The Worst Call Ever?

      From the grandstands it looked like the all-time worst call.  The big-screen replay at the stadium's south end clearly showed a football spinning harmlessly on the turf.  That's an incomplete pass in anybody's rulebook.  Yet the official pointed emphatically in the other direction … interception!  An indignant shower of boos rained over the field.

      But the crowd didn't know that the football on the field was an impostor.  The game ball was safely in the arms of a defensive back from the visiting team.

      It seems that a ball boy on the sideline had been accidentally steam rolled by one of the players.  You can guess what happened next.  Basic laws of physics dictated that the ball boy would relinquish his football.  And that extra ball just happened to squirt out onto the field-right in front of the defender as he intercepted the real ball.  What the crowd thought they saw was dramatically different from reality.

      There's quite a lesson here.  How often do we quickly form an indignant opinion when we perceive some "evil"?  We hastily criticize the government, our teachers, our pastor, our friends, and our enemies.  Yet we do so without having all the facts.  Or we have a distorted view of what really happened.
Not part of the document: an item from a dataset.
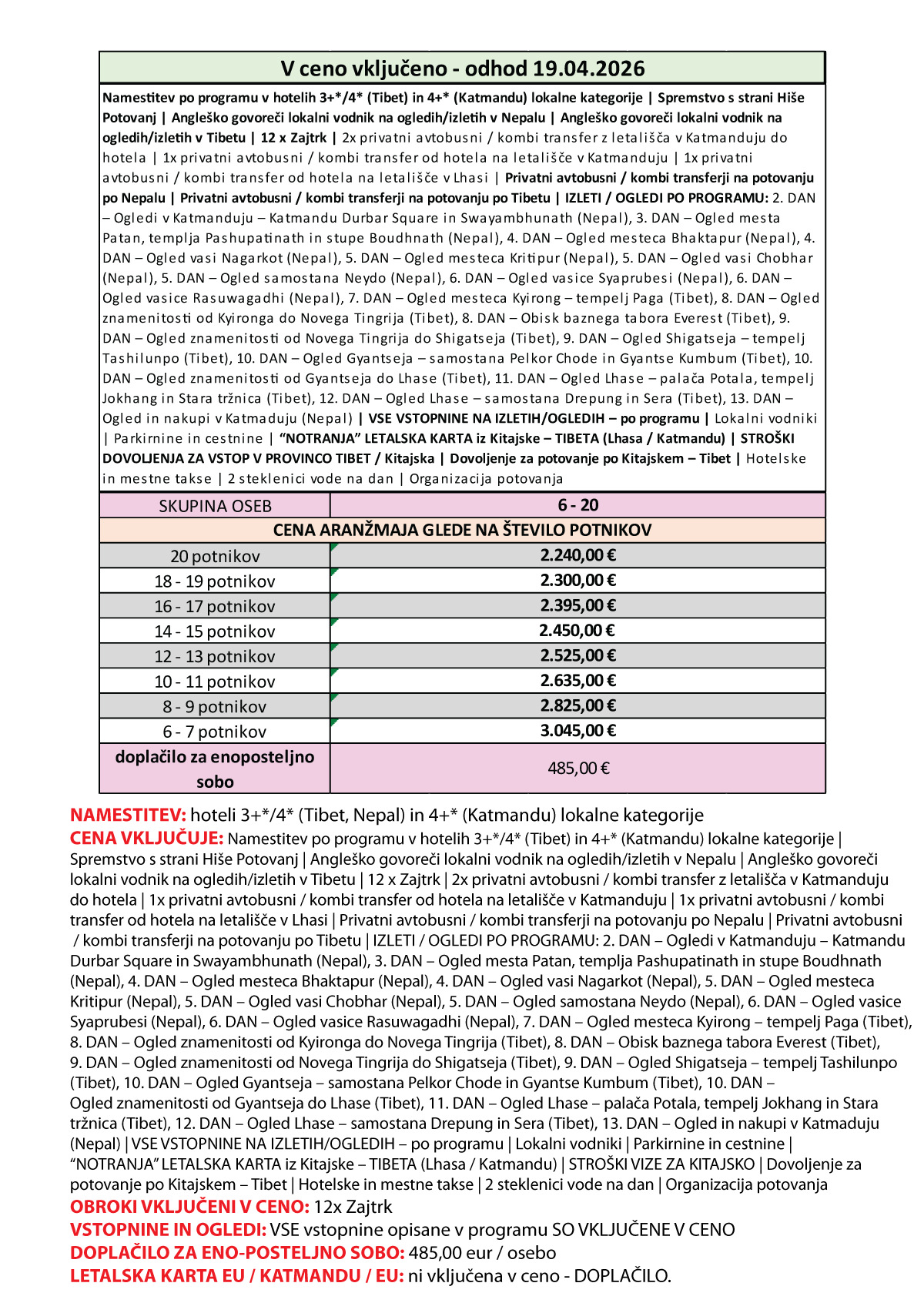 COVID-19 opombe: Zaenkrat za potovanje v Nepal in na Kitajsko ni omejitve ali posebnih navodil. Organizator potovanja si v primeru naknadnih omejitev pridržuje pravico do odpovedi potovanja ali prestavitev na drug datum oz. lahko od potnikov zahteva potrdila, ki bi bila priporočena ali zahtevana s strani slovenskih in/ali neplaskih in kitajskih državnih organov ( strošek morebitnih dodatnih potrdil ali testiranja je na strani potnika). V primeru kakršnih koli dodatnih stroškov zaradi morebitne kakršne koli restrikcije potovanja v Nepal in/ali na Kitajsko, si organizator potovanja pridržuje pravico do povišanja cene. Priporočamo, da redno spremljate našo spletno stran in navodila slovenskih, nepalskih in kitajskih državnih organov.

      We can even do the same thing with God.  We ask tough questions like, "If God is so good, why does He allow evil?”  Or more personally, "Why does God let that arrogant idiot get away with murder while I work hard for nothing?  Great question.  But it betrays our limited view of God's Big Picture.  God understands our questions, even when we may not understand His answers.

      He told the prophet Isaiah, "My thoughts are not your thoughts, neither are your ways My ways," declares the Lord, “As the heavens are higher than the earth, so are My ways higher than your ways and My thoughts than your thoughts," (Isaiah 55: 8-9).

      God doesn’t discourage our honest questions.  But He does want us to trust Him to bring His perfect plan to completion.

      It's a fact of the human condition that we won't understand everything this side of heaven.  That shouldn't discourage us.  As we trust the God who ultimately reveals the answers to all our questions, we will find joy, hope, and peace … and a better appreciation for the vastness of God's Big Picture.

      Ask yourself these questions … “Do I quickly form opinions and judgments, or do I wait till I have all the facts?  What things seem unfair in my own life?  Have I been silently accusing God of being less than good to me?

      Better to be a fact finder than a faultfinder.